Do you even RVO?

Written by Xander Bazzi on 01-25-25

Do you even RVO?

Look at the code snippet below. How many times is MyType{} constructed? What about std::optional<MyType>?

std::optional<MyType> get_mytype(std::uint64_t some_val) {
    if (!some_val) {
        return std::nullopt;
    }
    return MyType{};
}

If you've used C++17's std::optional, you might have code that resembles the above. But is this the proper way of returning an optional? Let's reason about it: 1) We call the MyType default constructor 2) Then we call the optional copy constructor implicitly with the MyType value. Wait, but then are we constructing two objects? One std::optional and one MyType? 3) No, that can't be... We must be constructing the MyType r-value inside the optional. But then that means the std::optional had to be constructed prior...

After going throught these mental gymnastics, you might reach the conclusion that there are technically two constructions. And reasonably so, you might also assume that the compiler will optimize them both into a single in-place construction of an std::optional with the corresponding MyType object (somehow). Unfortunately, in true CPP fashion, this couldn't be further from the truth.

Let's replace our get_mytype function with something a little more useful. To help us get some insight into the object lifetime, let's write a function that returns a canonical Lifetime tracker:

std::optional<Lifetime> get_lifetime(std::uint64_t key)
{
    if (key < 42ULL) {
        return std::nullopt;
    }
    return Lifetime {};
}

And let's suppose we call it with:

auto main() -> int {
    std::optional<Lifetime> a = get_lifetime(100ULL);
}

Which generates the following output:

1       Lifetime::Lifetime()
2->1    Lifetime::Lifetime(Lifetime&&)
2       Lifetime::~Lifetime()
1       Lifetime::~Lifetime()

Inspecting the result, we can see that there are two constructions in total (and two corresponding destructions): - One default construction of the unnamed Lifetime from the get_lifetime() function - And another move construction by moving that temporary into a in the main() (caller) context

I know what you're thinking: "the compiler will optimize both of these into one construction". And you'd be correct if the Lifetime class had a default constructor. But it doesn't, and neither do most classes. Here's a good Jason Turner video on RVO.

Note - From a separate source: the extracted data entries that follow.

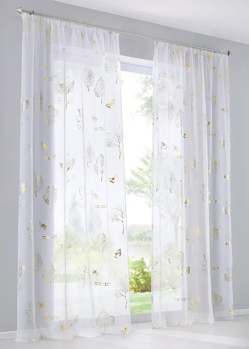 Unsere Gardine ist genau das richtige, wenn Du es edel und zeitlos zugleich magst. Das filigrane Blätter-Design ist aufgedruckt und gibt der Gardine das besondere Flair. Durch die Transparenz lässt diese Gardine schöne Lichtspiele in Deine Wohnräumen zu.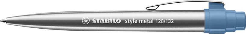 COOLER STYLE IM METALLIC-LOOK. Stylischer Druckkugelschreiber aus silbernem Metall mit Jumbomine und komfortablem, extra breitem Drücker. Edler Metall-Schaft kombinierbar mit Oberteil in 5 Trendfarben.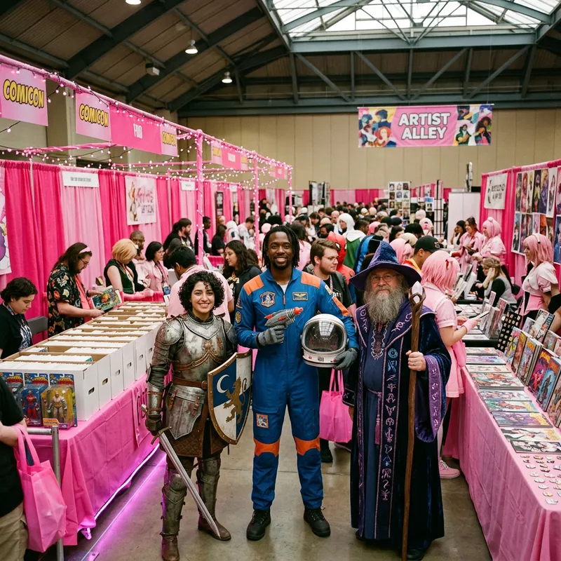 A lively scene at a comic convention, often referred to as Comicon. Entreating your imagination to envision an array of booths, proudly exhibiting an eclectic collection of comic books, merchandise, and memorabilia. Amidst the bustling crowd, we see individuals of various descents and genders, dressed in elaborate costumes, their enthusiasm palpable. Vibrant cosplayers include a Middle-Eastern woman emulating a medieval knight, a Black man portraying a space explorer, and a Caucasian man appearing as a fantasy wizard. The atmosphere of this convention scene is further enhanced by an overarching pink theme, from booth decorations to cosplayers' accessories, lending an effervescent and cheerful vibe to the entire scenario.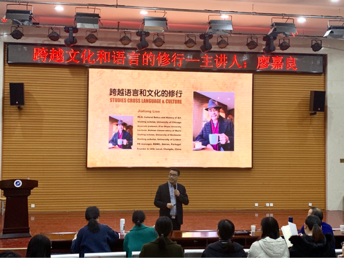 "学术诚信活动月"系列讲座暨第13期学术沙龙在鄠邑校区人文经管楼118如期举行。本次讲座的主讲人廖嘉良博士,他为汉语国际教育专业研究生做了题为“跨越文化的语言和修行”的精彩演讲。讲座由黄庆丰副院长主持。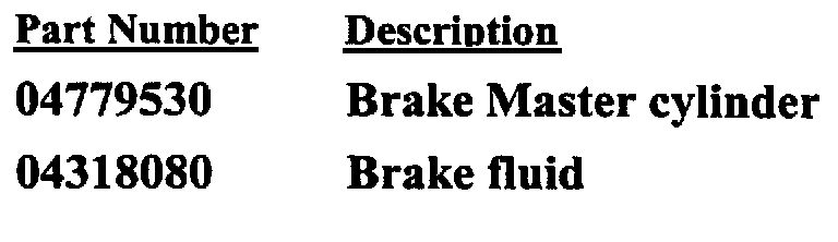 Recall - Brake Master Cylinder Malfunction: Overview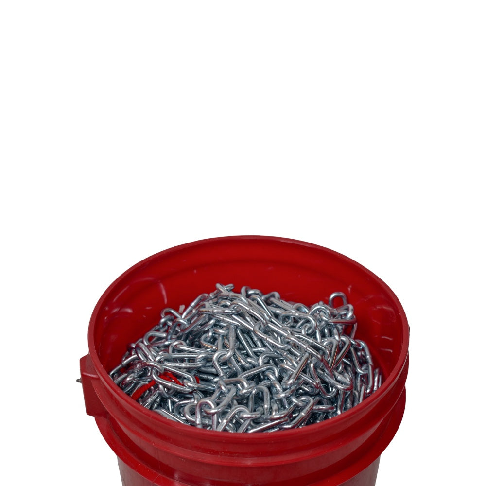 Cadena de acero galvanizado grado 30, electrosoldada, calibre 1/8", presentada en cubeta de 25 kg. Diseñada para aplicaciones generales y de carga ligera a media, con eslabones soldados para mayor resistencia y galvanizado para protección contra la corrosión.

You probably expected C++17's guaranteed copy-elision (for unnamed RVO) to completely skip the construction inside get_lifetime() and instead just construct it at the caller site. The only problem is that URVO is only guaranteed when the return type exactly matches the caller type. In our case, a Lifetime is not an std::optional<Lifetime>, so we need to first construct the Lifetime and call the std::optional<Lifetime> constructor (which moves or copies the Lifetime).

To tell std::optional that we want to construct a Lifetime in-place, we have to use std::in_place; bet you didn't see that one coming. Here's the revised correct copy-elided version that leverages URVO:

std::optional<Lifetime> get_lifetime(std::uint64_t key)
{
    if (key < 42ULL) {
        return std::nullopt;
    }
    return std::optional<Lifetime> {std::in_place};
}

Now we get the expected behavior: the Lifetime constructor is called once.

1       Lifetime::Lifetime()
1       Lifetime::~Lifetime()

Yes, there is an std::optional parameterized constructor that takes in an std::in_place. Same thing goes for std::expected, std::tuple, std::pair, and probably other STL wrappers.

std::optional constructors

Another C++ idiosyncracy to be aware of. On to the next one.